Болезнь Китахары - Рансмайр Кристоф. Страница 49
— Красиво, — сказал он потом и, как ребенок, показал на раскинувшееся внизу озеро, темное и гладкое. — Красивое озеро.
Далеко на просторах этого озера — белый корабль, режущий зеркало вод расширяющимся конусом кильватерной струи: «Спящая гречанка» шла к Слепому берегу.
В этот вечер Лили не повезла полоумного на Кузнечный холм, а доставила его прямиком в моорский стационар , крытый волнистым железом барак, где члены одной из общин кающихся худо-бедно оказывали первую помощь пострадавшим в каменоломне и жертвам налетчиков, а потом переправляли их в хаагский лазарет.
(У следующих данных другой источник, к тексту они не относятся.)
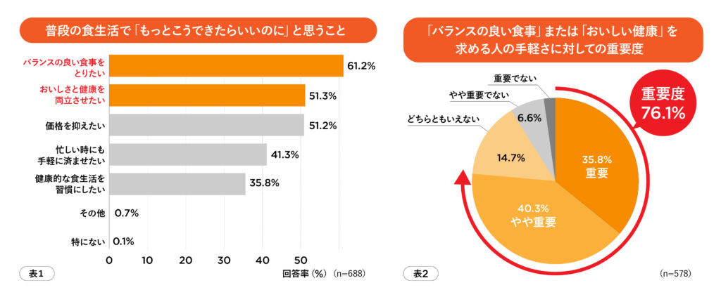 近年、はたらく世代の食生活が多様化するなか、健康や栄養バランスを意識した食事への関心が高まっています。弊社の調査(*1)によると、普段の食生活で「バランスの良い食事をとりたい」と思う方は全体の61.2%、「おいしさと健康を両立させたい」と考えている方が51%いることがわかりました。(表1)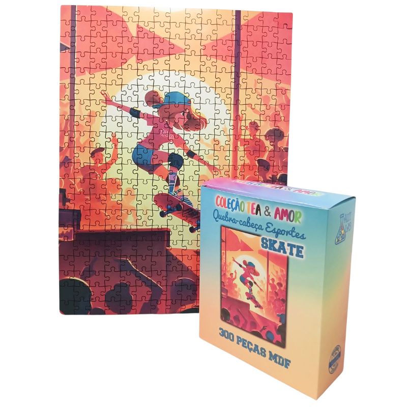 Quebra-Cabeça Infantil Skate 300 Peças Diversão Para Familia Prepare-se para apresentar ao seu filho uma experiência única de diversão e aprendizado com o Quebra-Cabeça Educativo Esportes Skate! Com 300 peças, esse quebra-cabeça foi criado especialmente para crianças que adoram desafios e têm interesse pelo universo dos esportes, em especial o skate. Cada peça encaixa-se perfeitamente, proporcionando horas de entretenimento saudável. Além de ser educativo, o Quebra-Cabeça é visualmente encantador! Com uma ilustração vibrante, ele vai cativar seu filho e manter seu interesse durante toda a montagem. Ao completar o quebra-cabeça, seu pequeno terá o orgulho de ver a obra finalizada, uma verdadeira obra de arte esportiva! Cada peça que seu filho encaixar ajuda a aprimorar a coordenação motora e o raciocínio lógico, enquanto ele se concentra para montar a imagem emocionante. O processo de montagem fortalece habilidades cognitivas essenciais, como memória, atenção e percepção espacial, preparando seu filho para desafios futuros de maneira divertida e envolvente. Mais do que apenas um passatempo, esse quebra-cabeça é uma forma de aprender brincando! Características do Produto: Medidas : 39X29 cm ( montado) Material : MDF Qtde de Peças : 300 Peças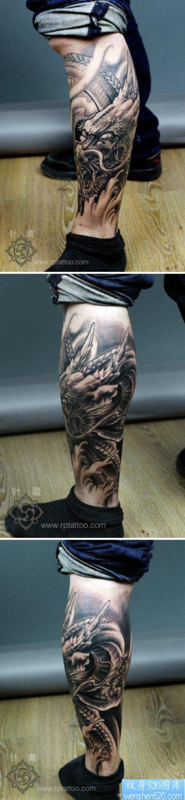 男生腿部帅气潮流的盘腿龙纹身图片_龙纹身图案大全_纹身图吧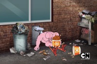 According to Robin, Silkie went to Austria to fulfill his dream of becoming a world famous bodybuilder. Silkie trained at a gym but his new robust upper body annoyed Sergei, the reigning champion. He sneaked around the gym and got up behind Silkie and snapped his pants. He mocked the pants, declaring real bodybuilders wore booty shorts. While both were on trampolines during reps with barbells, Silkie's pants fell and revealed he had actual chicken legs for legs. Sergei and everyone else in the gym laughed at him and he fled in shame. Silkie considered giving up on his dream to become a world famous bodybuilder. He sulked in an alley while eating a bucket of chicken legs. He heard a voice behind him telling him having chicken legs didn't mean he had to be a chicken, it just meant he had to train like one. The coach leaned out the window. Silkie was inspired. The coach's training methods were unconventional. He threw a rooster on the treadmill to chase after Silkie.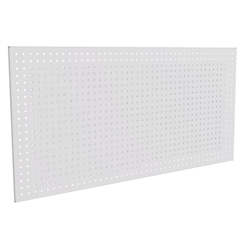 The tool board is designed for mounting on a wall. The metal plate is punched with 9 mm holes at 34 mm pitch spacing. With the addition of tool hooks it provides a flexible system for tool storage, etc.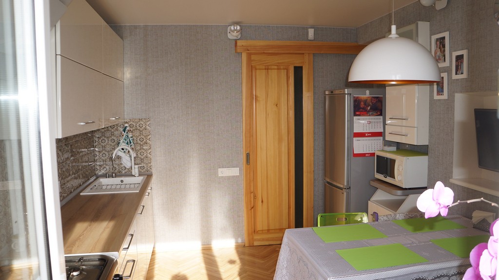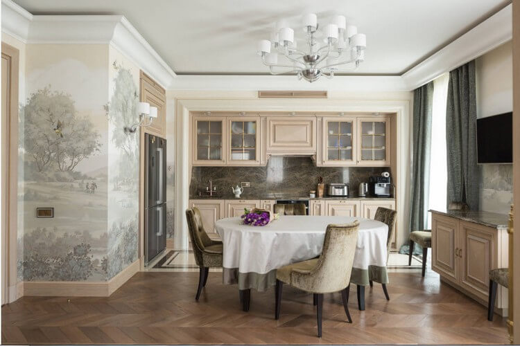 - Style classique - convient à tous les types de pièces, généralement ce sont des tons clairs de papier peint uni qui conviendront à tout type de sol et de mobilier. Un accent lumineux dans ce style est généralement fait avec le tablier d'origine sur la surface de travail et la table à manger.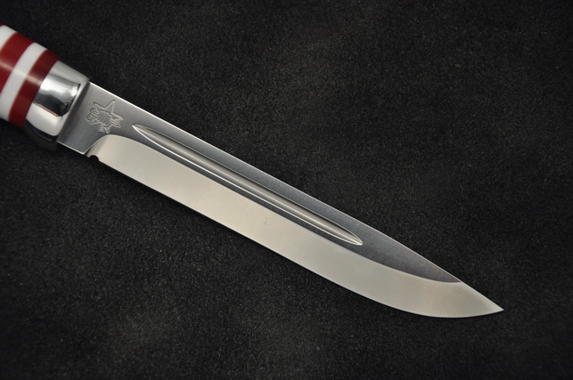 Сталь клинка : нержавеющая 95Х18, твердость HRC 58, спуски вогнутые, полировка, долы, заточка.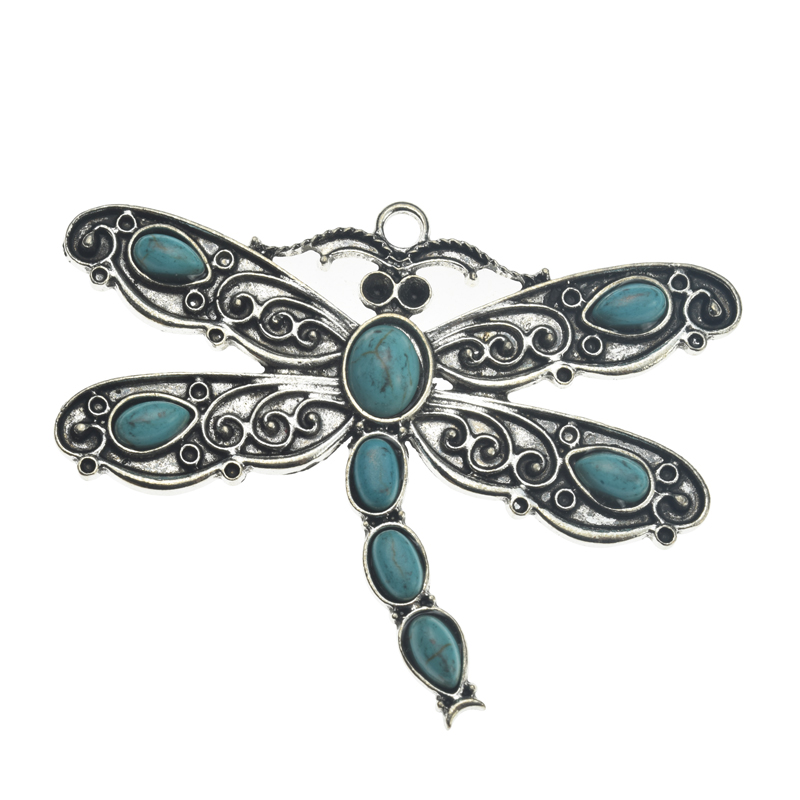 57x45mm Howlite Turquoise with Lead Free Pewter Dragonfly Charm(B83329) quantity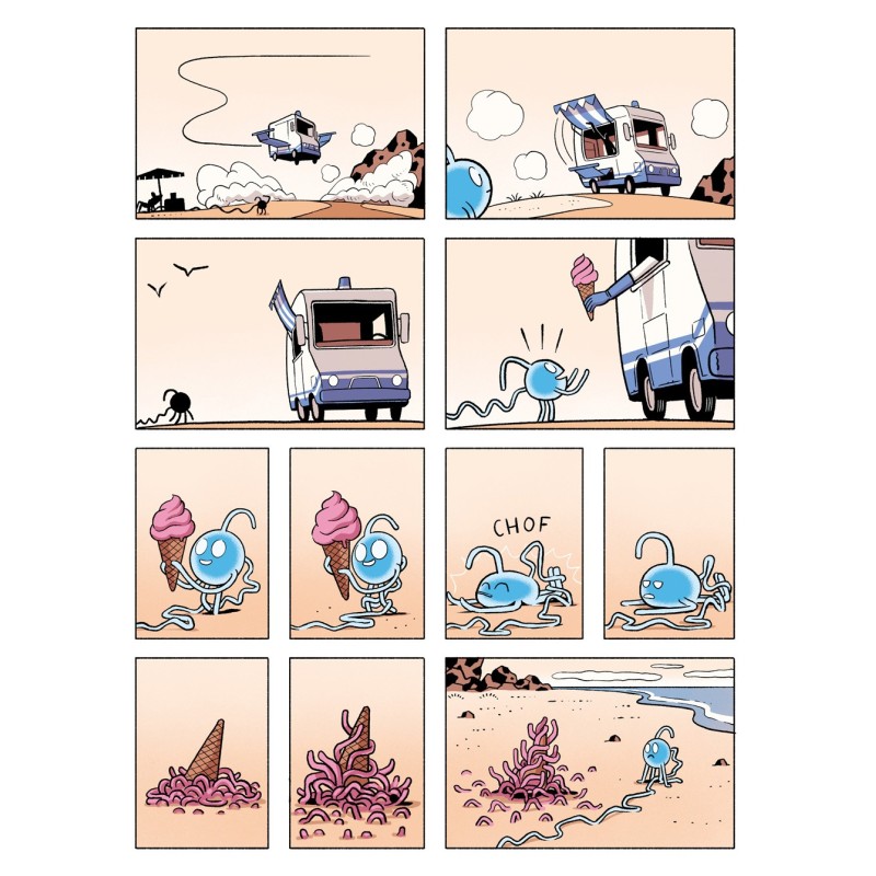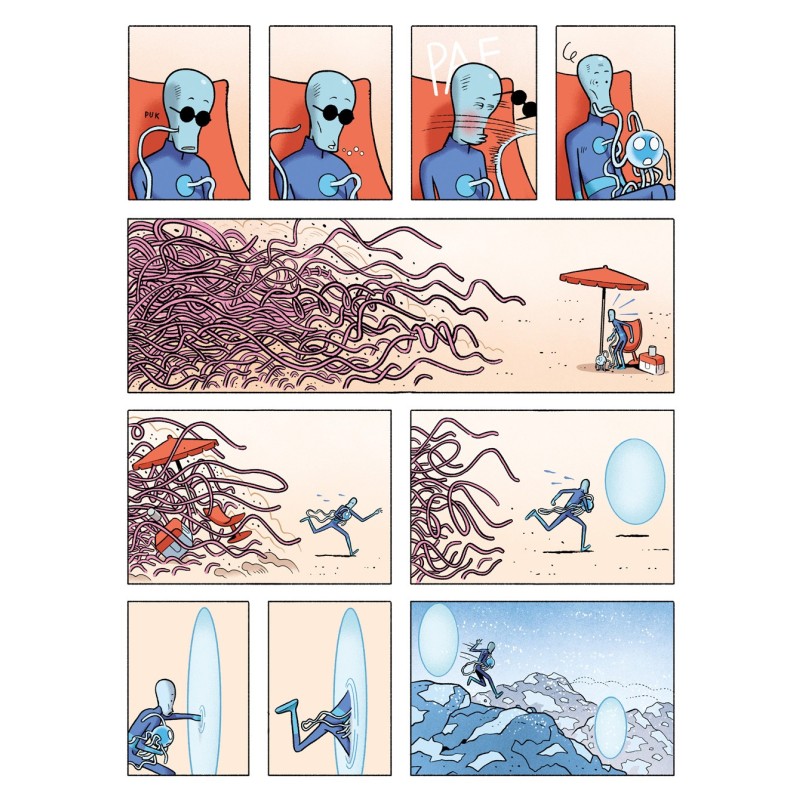 Dans cette bande dessinée muette à l'esthétique rétro-futuriste, Lucas Varela dépeint un monde où l'État, l'industrie et les médias se sont unis pour contrôler une population consumériste, gavée de malbouffe et de contenus ineptes. Il met également en scène une histoire rocambolesque teintée de burlesque et d'humour noir. Ses personnages rappellent ceux du cinéma muet, aspirés malgré eux, maltraités et jetés dans l'action à leur corps défendant.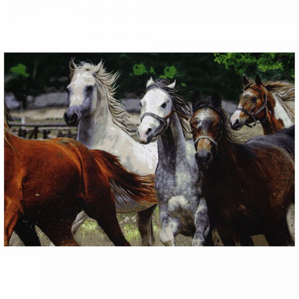 تابلو فرش دستباف گله اسب جنگل دارای 98 رنگ میباشد که 18 رنگ آن از ابریشم تهیه شده است.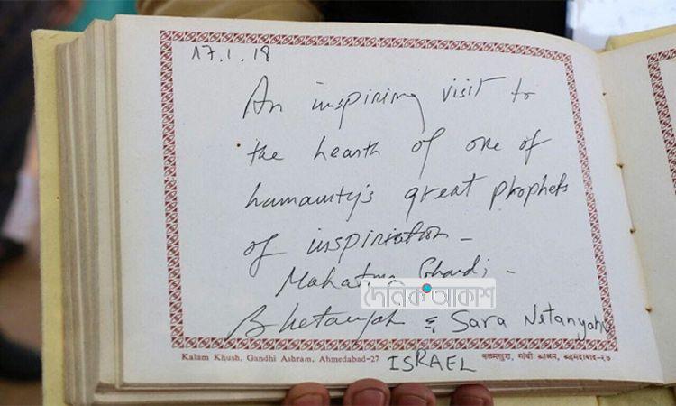 অাকাশ আর্ন্তজাতিক ডেস্ক: ‘গান্ধী’ বানান ভুল লিখলেন নেতানিয়াহু। মহাত্মা গান্ধীর ‘সবরমতি আশ্রমে’ গিয়েছিলেন ইসরাইলের প্রধানমন্ত্রী বেঞ্জামিন নেতানিয়াহু। বুধবার সেখানে গিয়ে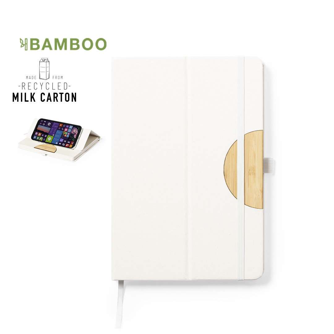 Taccuino della linea natura trasformabile in supporto per smartphone e realizzato con cartoni del latte riciclato. Copertine rigide, con dettaglio in bambù sulla copertina e chiusura elastica in tinta, comprensivo di portapenne. Interno con 80 fogli a riga singola e etichetta cartone del latte riciclato sul retro copertinaInclude penna realizzata con cartoni del latte riciclati e dettagli bianchi con meccanismo a pulsante e inchiostro blu. Con etichetta cartone del latte riciclato sulla parte superiore della penna.I cartoni del latte sono realizzati principalmente in cartone e alluminio. Durante il suo processo di riciclo, i diversi materiali di imballaggio vengono separati per il riutilizzo e il nuovo utilizzo, contribuendo così a percorrere il sentiero infinito dell'economia circolare. Questo materiale si caratterizza per il suo alto grado di riciclabilità, oltre che per la sua leggerezza e resistenza.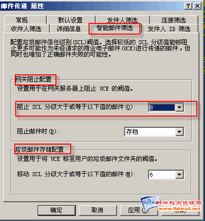 6)在垃圾邮件存储配置中设定设定需要阻止的邮件SCL值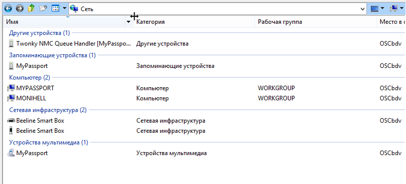 После успешного подключения к сети все ваши телефоны, планшеты и компьютеры будут иметь доступ к диску. Одним из преимуществ My Passport является то, что он отображается в Сетевых устройствах ПК и как сетевая папка, и как устройство мультимедиа, и как запоминающее устройство:
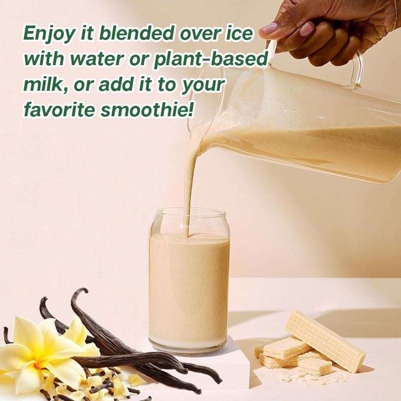 Ingrédient principal:Mélange d'enzymes DigeZyme : Alphas-amylase, protéase neutre, lactase, cellulase, lipase. Isolat de protéine de lactosérum, arômes naturels, gomme de guar, gomme xanthane, silice, acésulfame de potassium, sel, racine de betterave (colorant), sucralose et acide malique, acides aminés. Contient : Lait.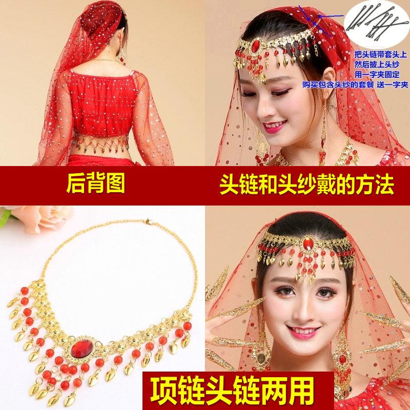 conjunto de seis piezas= top + falda + cadena de cintura + cadena para la cabeza + velo + collar + aretes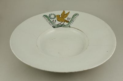 Techniques: | polychrome, paint melting into the glaze; thrown; tin-glazed |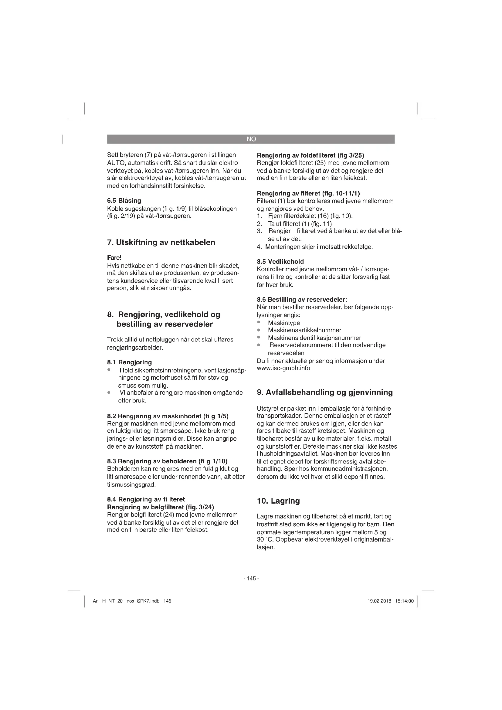 ressen: www.isc-gmbh.info. Hold tilgjengelig kvitteringen for kjøpet eller andre papirer som doku- menterer at du har kjøpt en ny maskin. Maskiner som sendes inn uten tilhørende dokumentasjon eller uten merkeplate, prekluderes fra garantiytelse på grunn av manglende mulighet for å tilordne dem. Dersom defekten på maskinen dekkes av vår garantiytelse, vil du omgående få i retur en re- parert eller en ny maskin. Når det gjelder slitedeler, forbruksdeler og manglende deler, henviser vi til de begrensningene som gjel- der for garantien i henhold til serviceinformasjonen i denne bruksanvisningen. Anl_H_NT_20_Inox_SPK7.indb 148Anl_H_NT_20_Inox_SPK7.indb 148 19.02.2018 15:14:0019.02.2018 15:14:00IS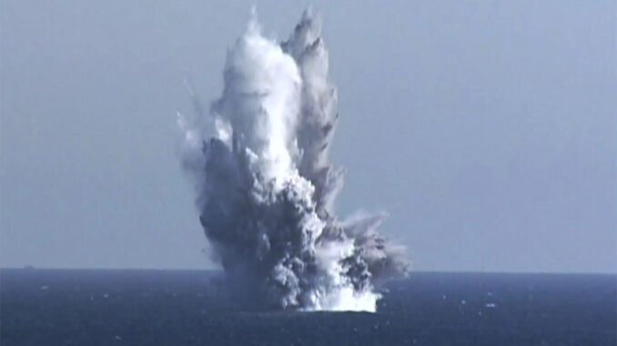 Vụ nổ giữa cuộc thử nghiệm phương tiện tấn công hạt nhân dưới nước của Triều Tiên trong ảnh công bố ngày 23/3. Ảnh: KCNA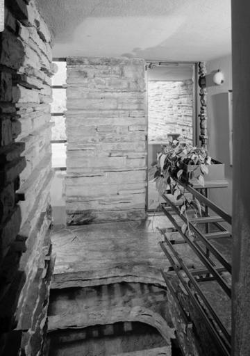 | Keywords: Fallingwater - Second floor stair landing - HABS PA,26-OHPY.V,1-60.jpg w Fallingwater State Route 381 Stewart Township Ohiopyle vicinity Fayette County PA - View from second floor hallway towards landing at top of stairway from living room Door at right leads to guest terrace Library of Congress Prints and Photographs Division Historic American Buildings Survey http //hdl loc gov/loc pnp/hhh pa1690 PA 26-OHPY V 1-60 February/March 1985 Jack E Boucher HABS staff photographer PA 26-OHPY V 1-60 hhh pa1690 Interior of Fallingwater |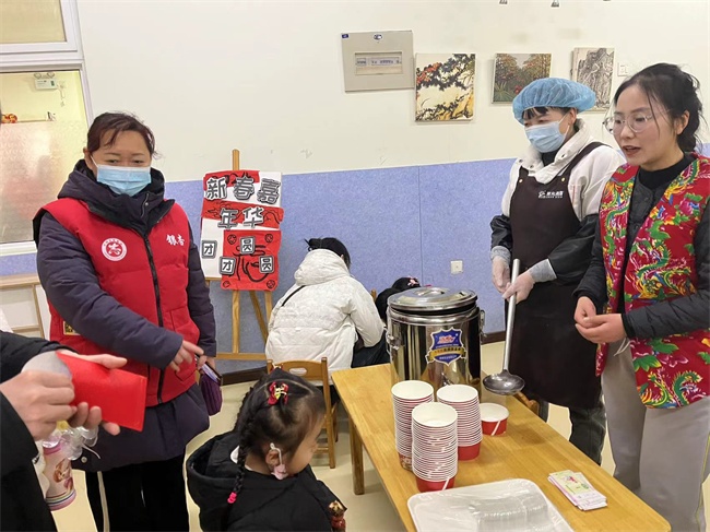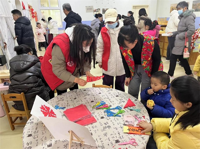 當(dāng)日下午,在一片歡呼聲中,“廟會”活動拉開帷幕。“廟會”里設(shè)有傳統(tǒng)小吃街、民俗游樂街、義賣活動等。在現(xiàn)場,參與活動的小朋友和大人們可以親手寫對聯(lián)、購買自己喜歡的年貨、品嘗具有年味的湯圓、動手剪出心儀的年畫,歡歡喜喜迎接新年的到來。活動現(xiàn)場,還設(shè)置了獨具特色的游戲活動。套圈、運球、傳統(tǒng)玩具競賽、猜燈謎.……“廟會”把民俗文化融入游戲當(dāng)中,讓大家在游戲中感受到傳統(tǒng)文化的魅力。同時,社區(qū)工作人員還對垃圾分類和反詐騙進行宣傳,通過設(shè)置分類垃圾桶等形式向居民普及垃圾分類知識,提醒居民們保護環(huán)境,垃圾入框。

Хотя на пять железных коек барака приходилось сейчас всего двое пациентов, санитар, который на столе возле двери играл с паромщиком в карты, сказал, что для маразматиков и помешанных тут места нет. А ежели Лили тем не менее намерена оставить старикана, пускай оставляет, но, во-первых, это кой-чего будет стоить, а во-вторых, самое позднее через три дня ей придется забрать его отсюда и отвезти в Хааг или еще куда. Пока Лили договаривалась с санитаром, от Вояки поплыл резкий смрад.
— Эва, под себя ходит, — сказал санитар, — впору еще и пеленать его. За отдельную плату.
Вояка забрал себе в голову, что угодил во вражеский полевой госпиталь, и не пожелал расстаться ни с пожарной каской, ни с орденами, даже когда санитар повел его в умывальную , в закуток, где стоял деревянный чан и несколько жестяных ведер. Лишь после того, как Лили сказала, что по всем законам военного времени он теперь пленный и, если будет выполнять распоряжения санитара, обращаться с ним будут уважительно, — лишь после этого Вояка уступил, позволил снять с себя каску, и ордена, и одежду. Потом Лили, вручив санитару жевательный табак, шнапс и талон на канистру керосина, отправилась в Собачий дом.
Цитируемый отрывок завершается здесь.